Das Blut der Arbeiter ist in China ein Standortvorteil: In keinem Industrieland können Firmen es günstiger vergießen.

 

 
Der Tod reißt an Herrn Yang, auf den Treppenabsatz drückt er ihn zu Boden. Den Hals hat er ihm abgeklemmt und die Lunge mit Eiter zulaufen lassen. Doch Herr Yang wehrt sich, würgt, stützt sich an der Wand ab. Er spannt jede Sehne. Hustet sich das Leben in die Brust. Weißer Schaum spritzt in Flocken auf seine Unterlippe. Herr Yang, noch keine 40 Jahre alt, keine 40 Kilo schwer, kämpft mit aller Kraft, nicht in sich zu ertrinken. Im Treppenhaus hallt das dunkle Husten und das helle Gurgeln, das aus seinem Inneren kommt. Die Zähne blecken im aufgerissenen Mund als wollten sie Luft beißen. Die Familie im Haus hält inne. Seine Frau hört auf, in der Küche das Gemüse zu putzen. Der Sohn starrt nur noch teilnahmslos in das Fernsehprogramm. Den Todeskampf des Herrn Yang kennen sie seit Monaten. Mehrfach am Tag und in der Nacht führt er ihn, zunehmend verzweifelt, und alle wissen: Bald verliert er ihn.

Die Fabrik hatte ihm gesagt, das wird wieder. Ein vorübergehendes Unwohlsein. Der erste Arzt, den er konsultierte, erkannte eine leichte Erkältung. Als Herr Yang Grippemittel nahm und es über Monate nicht besser wurde, sagte ein anderer Arzt, die Erkältung sei wohl etwas schwerer. Im Krankenhaus erklärte man ihn unvermittelt: „Wir können nichts mehr für Sie tun. Sie haben eine Staublunge.“ 13 Jahre lang sägte er in der Fabrik Schmucksteine zurecht, atmete Steinsplitter ein, ohne Maske, mit wenigen Zentimetern Abstand, von morgens sieben bis abends zehn. Sieben Tage die Woche, mit einem freien Tag im Monat. Europa und die USA hatte die Fabrik mit seinen Schmuck versorgt, es gibt dort Zehntausende junger Frauen, die Arbeit aus Herrn Yangs Händen am Dekolleté tragen. Liebesgeschenke, die Mütter ihren Töchtern kauften, Freunden den Freundinnen, und immer auch etwas vom Tod in Herrn Yangs Lunge hinterlassen haben.

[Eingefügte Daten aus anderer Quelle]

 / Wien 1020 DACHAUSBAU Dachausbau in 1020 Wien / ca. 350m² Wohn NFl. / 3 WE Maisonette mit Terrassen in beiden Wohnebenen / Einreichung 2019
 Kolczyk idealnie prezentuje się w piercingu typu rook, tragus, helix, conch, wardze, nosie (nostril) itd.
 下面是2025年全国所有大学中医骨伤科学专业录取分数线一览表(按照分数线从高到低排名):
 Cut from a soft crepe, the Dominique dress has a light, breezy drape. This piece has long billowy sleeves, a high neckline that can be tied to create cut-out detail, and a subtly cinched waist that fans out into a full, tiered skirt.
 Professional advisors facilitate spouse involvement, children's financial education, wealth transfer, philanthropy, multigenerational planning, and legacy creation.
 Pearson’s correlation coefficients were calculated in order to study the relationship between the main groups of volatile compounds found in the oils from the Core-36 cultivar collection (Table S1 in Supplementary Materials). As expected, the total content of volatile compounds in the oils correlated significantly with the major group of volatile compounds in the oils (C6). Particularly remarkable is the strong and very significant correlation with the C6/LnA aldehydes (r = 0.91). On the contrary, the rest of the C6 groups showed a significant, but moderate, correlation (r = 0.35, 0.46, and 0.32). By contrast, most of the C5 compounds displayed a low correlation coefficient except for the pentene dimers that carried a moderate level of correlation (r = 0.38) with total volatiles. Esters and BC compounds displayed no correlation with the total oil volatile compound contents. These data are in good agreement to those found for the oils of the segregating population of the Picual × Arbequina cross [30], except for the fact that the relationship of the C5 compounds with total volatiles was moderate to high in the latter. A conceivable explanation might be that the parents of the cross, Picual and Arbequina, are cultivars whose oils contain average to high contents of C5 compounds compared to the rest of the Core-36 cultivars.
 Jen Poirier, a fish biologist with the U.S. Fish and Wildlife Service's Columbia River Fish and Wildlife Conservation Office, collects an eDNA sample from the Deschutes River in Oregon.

Unser Reiseführer für diese Reportage in ein Land der Kranken und Krüppel ist Tu Men, einer seiner früheren Kollegen. Mit 60 anderen Steinschneidern der Schmuckfabrik „Lucky Germs“ leidet er unter der Staublunge und wird an ihr sterben. Anderthalb Wochen lang begleitet uns Herr Tu durch entvölkerte Dörfer und eine im Innersten zerstörte Gesellschaft. Als einziges Gepäckstück trägt er dabei eine kleine Umhängetasche.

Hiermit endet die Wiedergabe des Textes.